**THE PROBLEM**
Write out, without any change, the lines in the material below that run from the line with "黑水县三联水电开发有限制责任公司-登棚沟水电站" through the line with "Artykuł pt. „Oprocentowanie", both included.

**DATASET RECORDS**
=-=-=-=-=

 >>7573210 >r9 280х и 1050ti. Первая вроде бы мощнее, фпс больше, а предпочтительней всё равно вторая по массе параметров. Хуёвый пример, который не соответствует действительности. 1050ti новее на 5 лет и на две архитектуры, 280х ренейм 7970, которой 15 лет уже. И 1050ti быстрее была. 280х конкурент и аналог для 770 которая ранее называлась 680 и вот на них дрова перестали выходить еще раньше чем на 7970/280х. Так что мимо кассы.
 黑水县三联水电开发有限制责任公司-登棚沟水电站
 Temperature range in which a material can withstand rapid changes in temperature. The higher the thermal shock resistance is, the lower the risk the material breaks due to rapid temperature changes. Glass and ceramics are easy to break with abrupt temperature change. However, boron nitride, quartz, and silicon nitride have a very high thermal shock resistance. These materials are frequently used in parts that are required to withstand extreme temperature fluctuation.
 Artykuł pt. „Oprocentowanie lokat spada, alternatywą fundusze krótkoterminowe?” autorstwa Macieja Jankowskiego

=-=-=-=-=

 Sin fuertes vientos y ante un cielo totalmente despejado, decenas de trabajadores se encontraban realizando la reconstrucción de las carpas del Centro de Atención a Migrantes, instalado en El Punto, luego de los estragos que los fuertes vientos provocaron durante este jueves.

=-=-=-=-=

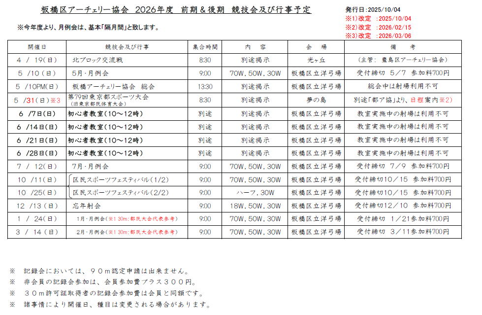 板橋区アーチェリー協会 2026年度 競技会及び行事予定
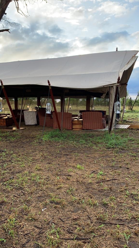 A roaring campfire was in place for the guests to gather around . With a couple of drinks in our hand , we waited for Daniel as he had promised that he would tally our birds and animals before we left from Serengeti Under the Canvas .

=-=-=-=-=

**TASK RESPONSE**
 黑水县三联水电开发有限制责任公司-登棚沟水电站
 Temperature range in which a material can withstand rapid changes in temperature. The higher the thermal shock resistance is, the lower the risk the material breaks due to rapid temperature changes. Glass and ceramics are easy to break with abrupt temperature change. However, boron nitride, quartz, and silicon nitride have a very high thermal shock resistance. These materials are frequently used in parts that are required to withstand extreme temperature fluctuation.
 Artykuł pt. „Oprocentowanie lokat spada, alternatywą fundusze krótkoterminowe?” autorstwa Macieja Jankowskiego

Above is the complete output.